[Source records]
-------------------------
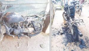 இந்தநிலையில் இவர்கள் 4 பேரும் நேற்று முன்தினம் இரவு வழக்கம்போல் வேலை முடிந்து வீட்டுக்கு வந்தனா். பின்னர், தங்கள் மோட்டார் சைக்கிளை தங்களது வீட்டின் முன் நிறுத்திவிட்டு தூங்கச்சென்றனர். நேற்று காலை எழுந்து பார்த்தபோது இவர்கள் 4 பேரின் மோட்டார் சைக்கிள்கள் தீவைத்து எரிக்கப்பட்டிருந்தன.
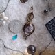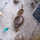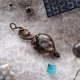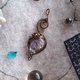 这颗小幽灵带灰紫到浅褐色的内含物,有一点丝绒感,搭配青金石和石榴石装饰
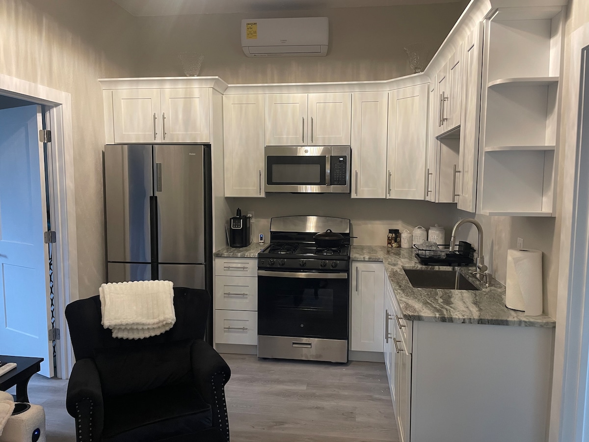 Welcome to your home away from home. This studio rental is detached from the main house, giving you absolute privacy and a quiet space to relax. The kitchenette is fully equipped with all the essentials to cook real meals. Step outside and you'll find a small private patio that's all yours, perfect for morning coffee or just getting some fresh air. You've also got your own parking spot in the driveway, so no need to stress about street parking.
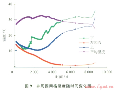 流入井內(nèi)的熱流可以通過(guò)手動(dòng)計(jì)算得到印證。下面只對(duì)0.2P0、42℃條件下數(shù)據(jù)進(jìn)行計(jì)算。圖9為0.2P0、42℃條件下,井周圍網(wǎng)格溫度隨時(shí)間變化圖。井網(wǎng)格和其相連4個(gè)網(wǎng)格間溫度差及其平均值都列于圖9中,井溫度為定值42℃,平均溫差由如下式定義:
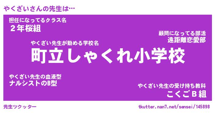 | ヒーロー風カッコイイあだ名 | 『スーパーヤクザイ』『炎刃騎士ヤク』 |
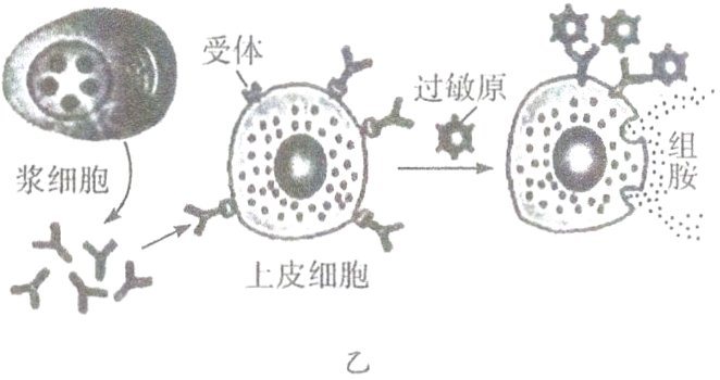 (3)特异性免疫 正常人体内抗体主要分布于血清中(也分布于组织液及外分泌液),图乙中(过敏反应)的抗体吸附在皮肤、呼吸道或消化道黏膜以及血液中某些细胞的表面
-------------------------
:: TASK STATEMENT ::
Make an exact copy of every entry above, but keep the pictures out of it.

:: TASK SOLUTION ::
 இந்தநிலையில் இவர்கள் 4 பேரும் நேற்று முன்தினம் இரவு வழக்கம்போல் வேலை முடிந்து வீட்டுக்கு வந்தனா். பின்னர், தங்கள் மோட்டார் சைக்கிளை தங்களது வீட்டின் முன் நிறுத்திவிட்டு தூங்கச்சென்றனர். நேற்று காலை எழுந்து பார்த்தபோது இவர்கள் 4 பேரின் மோட்டார் சைக்கிள்கள் தீவைத்து எரிக்கப்பட்டிருந்தன.
 这颗小幽灵带灰紫到浅褐色的内含物,有一点丝绒感,搭配青金石和石榴石装饰
 Welcome to your home away from home. This studio rental is detached from the main house, giving you absolute privacy and a quiet space to relax. The kitchenette is fully equipped with all the essentials to cook real meals. Step outside and you'll find a small private patio that's all yours, perfect for morning coffee or just getting some fresh air. You've also got your own parking spot in the driveway, so no need to stress about street parking.
 流入井內(nèi)的熱流可以通過(guò)手動(dòng)計(jì)算得到印證。下面只對(duì)0.2P0、42℃條件下數(shù)據(jù)進(jìn)行計(jì)算。圖9為0.2P0、42℃條件下,井周圍網(wǎng)格溫度隨時(shí)間變化圖。井網(wǎng)格和其相連4個(gè)網(wǎng)格間溫度差及其平均值都列于圖9中,井溫度為定值42℃,平均溫差由如下式定義:
 | ヒーロー風カッコイイあだ名 | 『スーパーヤクザイ』『炎刃騎士ヤク』 |
 (3)特异性免疫 正常人体内抗体主要分布于血清中(也分布于组织液及外分泌液),图乙中(过敏反应)的抗体吸附在皮肤、呼吸道或消化道黏膜以及血液中某些细胞的表面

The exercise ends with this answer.